CSRC Accelerates IPO Processing Times

Photo: Visual China
Photo: Visual China

(Beijing) — China's securities regulator has shortened the processing time for companies seeking to list on domestic stock exchanges in a bid to reduce a waiting list of nearly 800 applicants and pave the way for reform of initial public offering (IPO) procedures.

As of Friday, the China Securities Regulatory Commission (CSRC) had approved 38 companies in three batches to start the IPO process in November, a monthly high for the year and already 10 more than the total number of approvals in October, according to figures released by Wind, a Chinese financial data provider.

Unlike many developed markets, when and if a company can issue new shares publicly in China is solely under the control of securities regulators, and the process can take months and even years.

An investment banker told Caixin that the CSRC had recently cut the processing time by up to four months in a bid to prune a long waiting list.

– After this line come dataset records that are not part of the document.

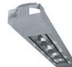
LC Aisle Light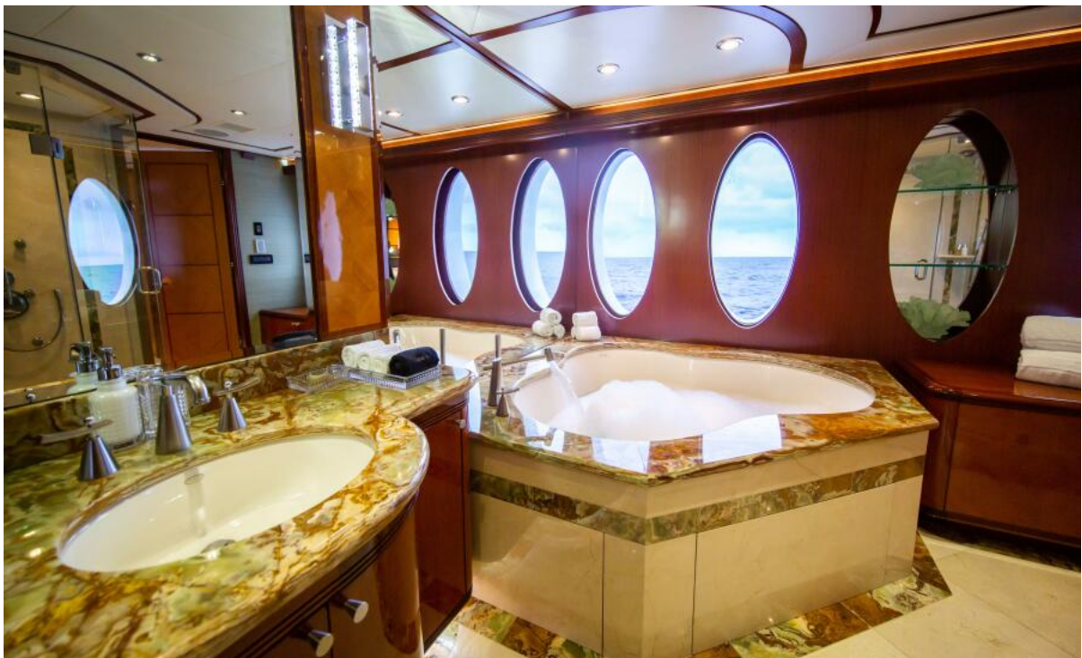
Master Bath with Jacuzzi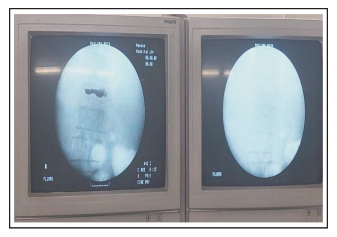
C: cement injected into vertebrae. Figure 1: the intraoperative technique of balloon kyphoplasty. (pictures included with consent)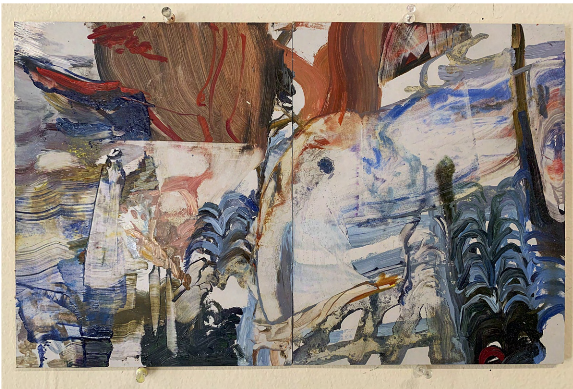
Jeane Cohen Heavens (diptych) , 2020 oil on panel 10h x 16w in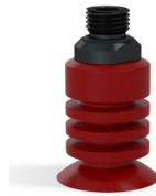
Variant reference: 95-2 30SL 14D-2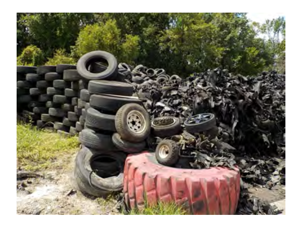
East End of South Pile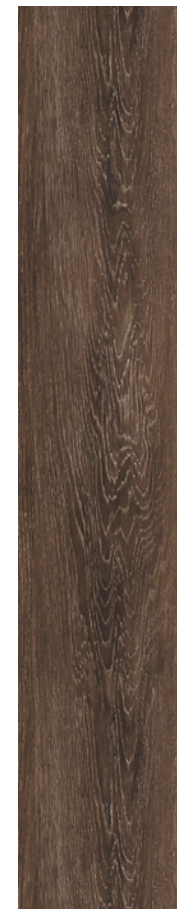
COLOR 1012 anchor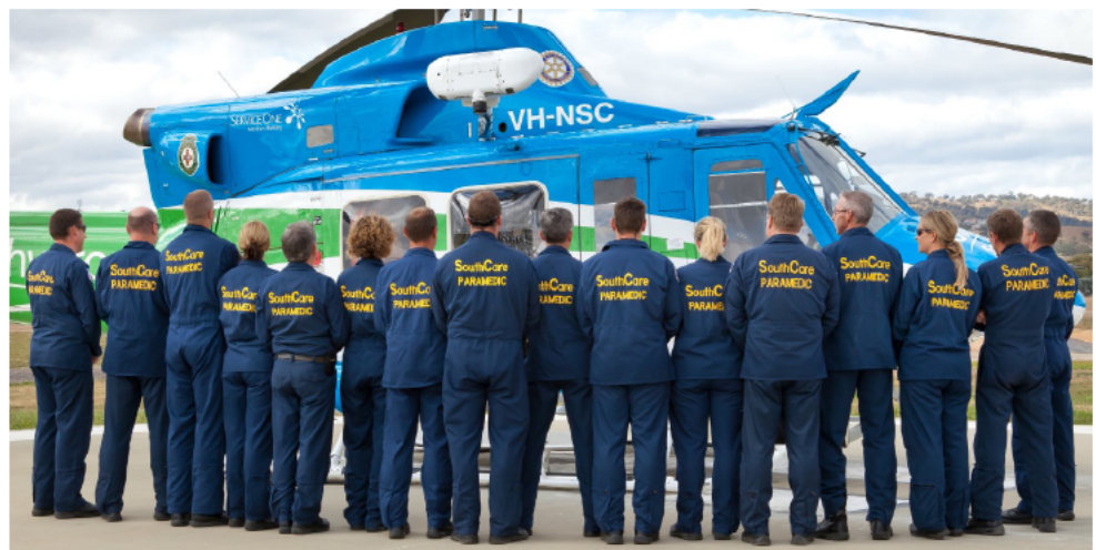
Intensive Care Paramedics from the ACT Ambulance Service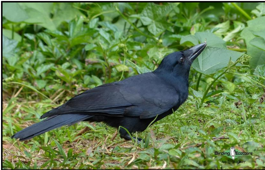
New Caledonian Crow is a fascinating species because it uses tools to forage.

This small group, short tour visits the island of Grande Terre, New Caledonia, and focuses on the many exciting endemic birds found across the island. New Caledonia is an ancient island archipelago comprised of over 100 islands of Gondwanan (continental) origin, our tour visits the largest island of Grande Terre. Starting in Nouméa the capital city, we travel north along the western coastline to Bourail while exploring some of the most picturesque national parks on the island, before finishing back in Nouméa. Most of the island is covered in tropical evergreen forest at higher elevations, while savanna and maquis dominate the lower elevations. Most famous for being the home of the unique Kagu (a highly sought-after monotypic family), Grande Terre hosts over 20 endemic birds as well as about a dozen more Melanesian endemics. We will spend time birding dense evergreen forests in the stunning Parc des Grandes Fougères (Great Tree Fern Park), various wetlands and coastal sites, and maquis and dry forests of La Farino reserve and the extensive Parc de la Rivière Bleue. Parc de la Rivière Bleue is renowned to birdwatchers, being the home of our prime target and New Caledonia's endemic star bird, the charismatic Kagu . We have two full days within the park to ensure a good chance of seeing this iconic species well.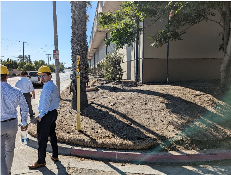
Photo 2: Existing conditions along Tulip Street from near the northern parcel corner. View southeast.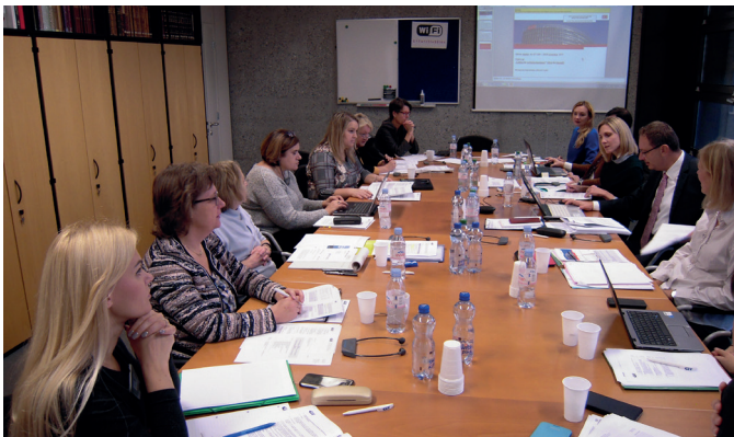
The CIM working group decides important proposals for the freight transport

Cross-border rail freight is increasingly taking the form of sub-contracted carriage as per Article 27 CIM, or under the "purchase/sale" model. However, the latest information available to the CIT GS indicates that many railways, especially in central and eastern Europe, continue to use the successive carriage model as per Article 26 CIM. The CIT survey and the CIT GS's legal analysis concluded that the "purchase/sale" model is legally nothing new, and thus requires no new CIT products to be developed.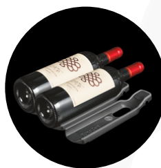
Main du sommelier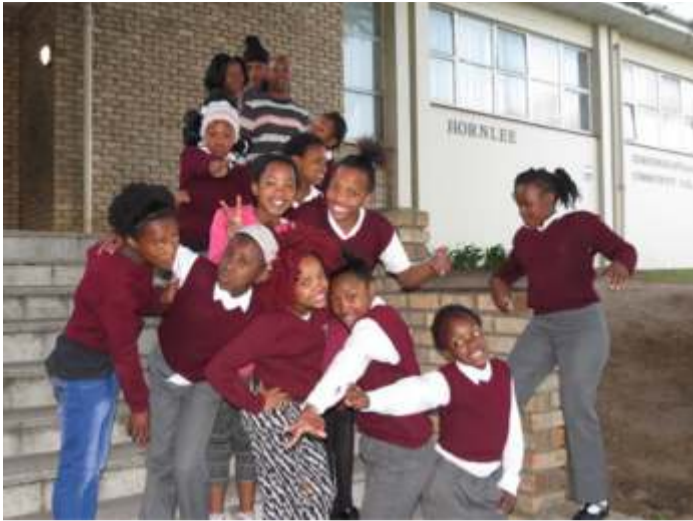
It was evident that this Talent Show provided great entertainment to all. Singers from Sedgfield excitedly waiting to sing.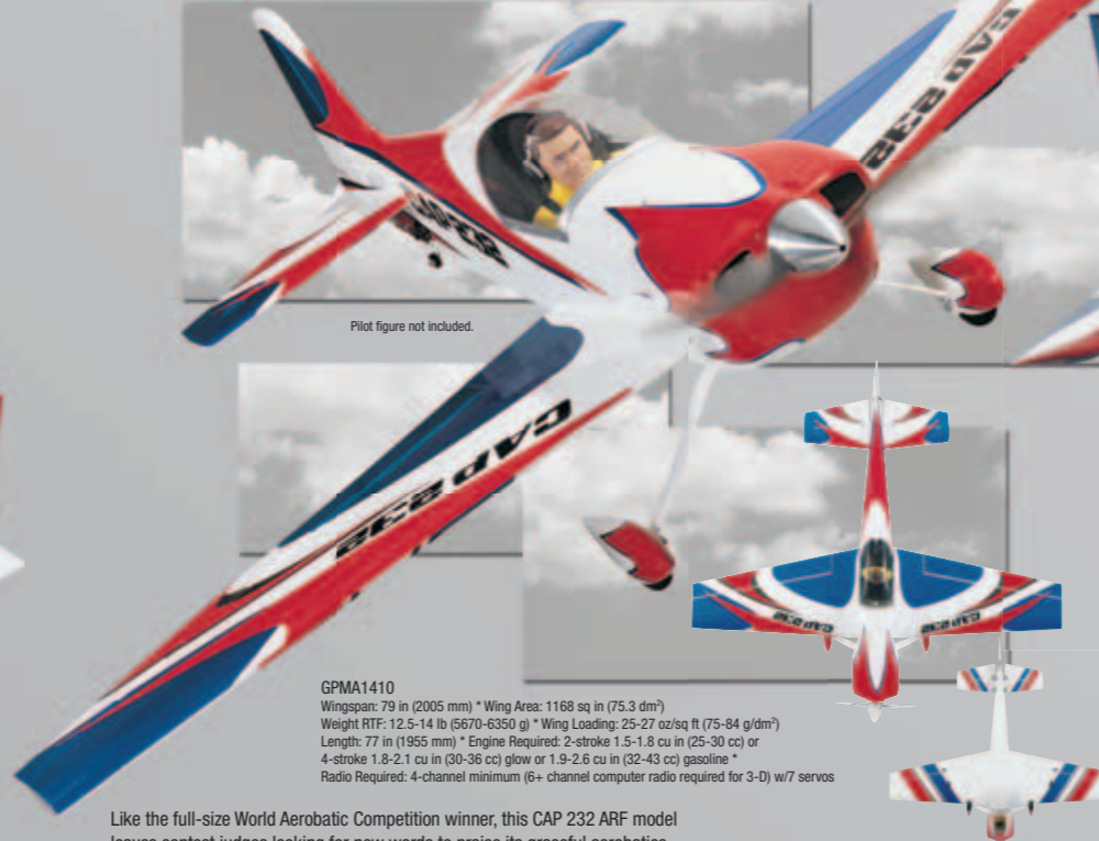
Pilot figure not included.

GPMA1410 Wingspan: 79 in (2005 mm) * Wing Area: 1168 sq in (75.3 dm 2 ) Weight RTF: 12.5-14 lb (5670-6350 g) * Wing Loading: 25-27 oz/sq ft (75-84 g/dm 2 ) Length: 77 in (1955 mm) * Engine Required: 2-stroke 1.5-1.8 cu in (25-30 cc) or 4-stroke 1.8-2.1 cu in (30-36 cc) glow or 1.9-2.6 cu in (32-43 cc) gasoline * Radio Required: 4-channel minimum (6+ channel computer radio required for 3-D) w/7 servos

According to data from the CSRC, 790 companies were seeking to go public as of Nov. 10.

Another reason for the securities regulator to speed up the IPO approval process is to smooth the way for stock market reform that will lead to a registration-based mechanism similar to the one adopted in the U.S. and some other mature markets, said Xu Gao, chief economist of China Everbright Securities.

“A registration-based system is a step in the right direction, and accelerating processing times for IPO applications will ease pressure, test the water for reform, and channel more funds into the real economy," Xu said.

In December 2015, the National People's Congress, China's legislature, authorized the State Council, the cabinet, to amend the securities law, facilitating registration reform for IPO applications on the Shanghai and Shenzhen stock exchanges. Authorities believe the move will help companies reduce financial leverage and allow the market to play a decisive role in allocating assets. To date, no time frame for the reform has been specified.